Dermal and epidermal wound healing is a highly orchestrated cascade of events. For academic purposes, the process has been stratified into 3 distinctive, overlapping stages: (1) inflammation, (2) proliferation, and (3) remodeling. During the inflammatory phase, there is an initial vascular injury, resulting in platelet and complement activation. Once successful clotting has been achieved, neutrophils and macrophages are sent to the wounded region to phagocytize bacteria and debris.[1] The inflammatory phase normally lasts a few days. In the proliferative phase, there is angiogenesis, extracellular matrix (ECM) formation by fibroblasts, and early epithelialization. The remodeling phase consists of remodeling, contraction, and increased tensile strength of the skin.[2]

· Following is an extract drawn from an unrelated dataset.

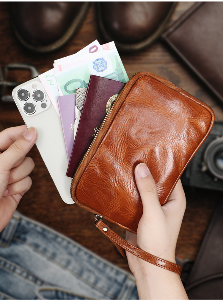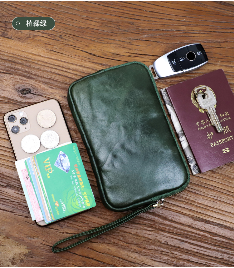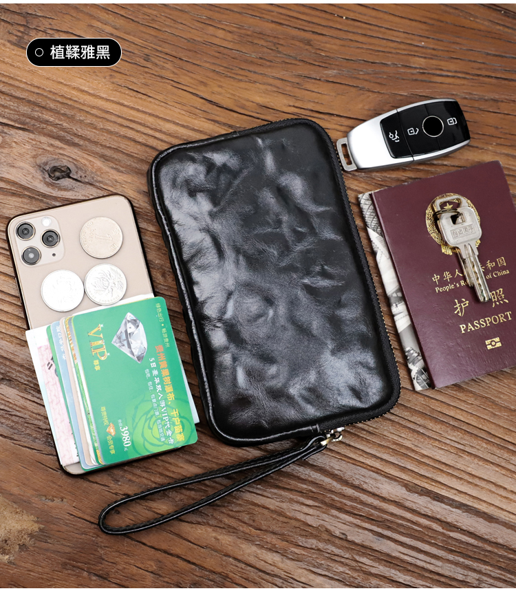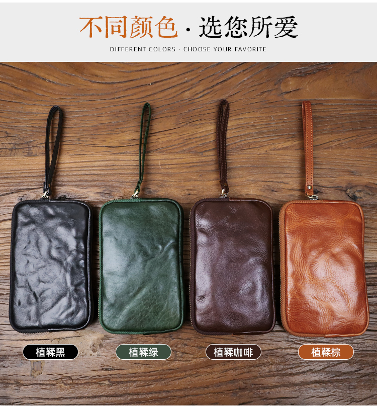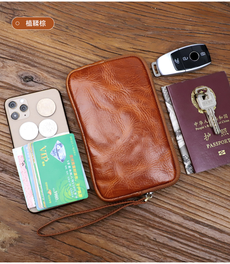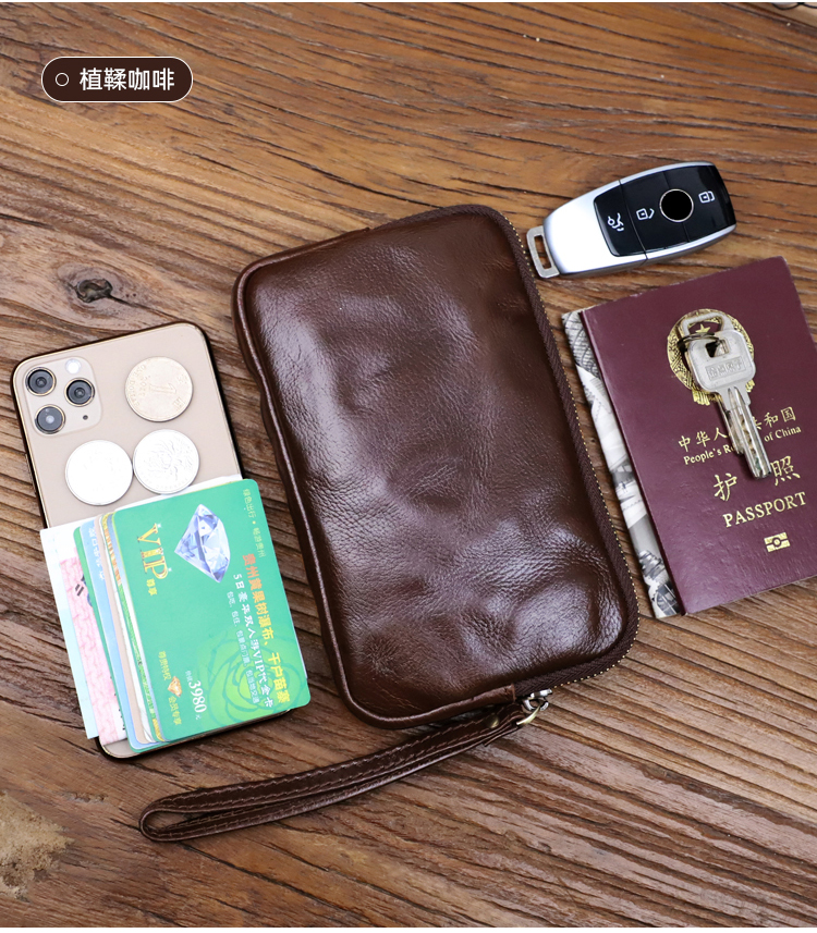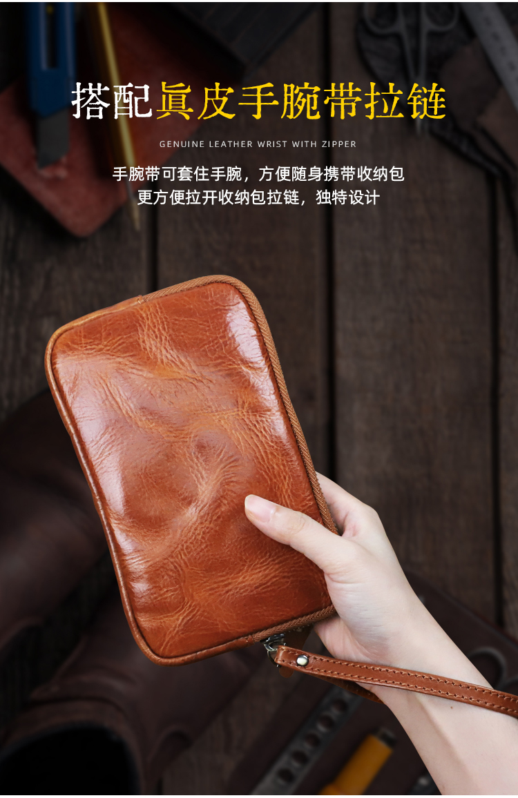 新款真皮拉链大容量钱包男女植鞣牛皮手拿包复古手抓包潮牌手机包

Chronic wounds remain in the inflammatory stage of wound healing due to a defect in systemic or local factors.[2] Systemic factors that impede wound healing include immunosuppression, diabetes, peripheral vascular disease, chronic renal insufficiency, vitamin deficiencies, and protein deficiency, among others. Local wound factors that cause wound healing to stall include necrotic or hyperkeratotic tissue, foreign debris, localized edema, bony prominences, absence of growth factors, bacterial overgrowth, infection, biofilm, and lack of moisture equilibrium.[2]

The goal of healing a chronic wound has led to a plethora of products used to control the local wound environment. Prior to adding any advanced product to a wound, the appropriate surgical or mechanical debridement must be utilized to remove any infected, hyperkeratotic, or necrotic tissue. Once the wound has been properly prepared, various specialized dressings, growth factors, collagen grafts, or skin substitutes can be added.[3] Sheehan et al[4] noted that, as a negative predictor of healing, if a wound does not close by about 50% in the first 4 weeks of treatment, there is less than a 10% chance that the wound will be closed after 12 weeks. Their research[4] also showed that if a wound closes by 50% in the first 4 weeks of treatment, it is likely to be completely closed by 12 weeks. Therefore, in nonhealing wounds, it is imperative to identify and correct the factors preventing further wound healing and employ an engineered wound product.

Hyaluronic acid (HA; also called hyaluronan) is an anionic, non-sulfated glycosaminoglycan present in numerous tissues, including connective and epithelial tissues. It is a linear polymer of D-glucuronic acid and D-N-acetylglucosamine disaccharides, linked via alternating β-1,4 and β-1,3 glycosidic bonds. Hyaluronic acid is highly hygroscopic (ie, attracts and holds water from the surrounding environment) and absorbent. However, its native form is a gel, which is difficult to keep within a wound. Natural polymers of HA can range in size from 5000 to 20 million Dalton.[5] Hyaluronic acid is synthesized in the cellular plasma membrane by HA synthases. Several reservoirs of HA exist within the body, including one associated with the cell surface, one bound to other components of the ECM, and a largely mobile pool. In the ECM, HA plays an essential role in migration and proliferation of cells as well as in tissue hydrodynamics.[6] A number of cell receptors for HA have been identified, including CD44, receptor for HA-mediated motility (RHAMM) and intercellular adhesion molecule 1 (ICAM-1).[7] CD44 mediates cell interaction with HA, and their binding plays an important role in a number of physiologic events, such as cell aggregation, migration, proliferation, and activation.[8] In addition, ICAM-1 serves as a cell adhesion molecule, and the binding of HA to ICAM-1 contributes to the control of ICAM-1-mediated inflammatory activation.[9] The RHAMM plays a role in the generation and organization of granulation tissue.[10] The principal of dynamic reciprocity describes wound healing as a series of steps in which cells and the extracellular microenvironment continually interact. In many of these steps, HA plays a critical role, including hydration, anti-inflammation, and cellular migration.[11]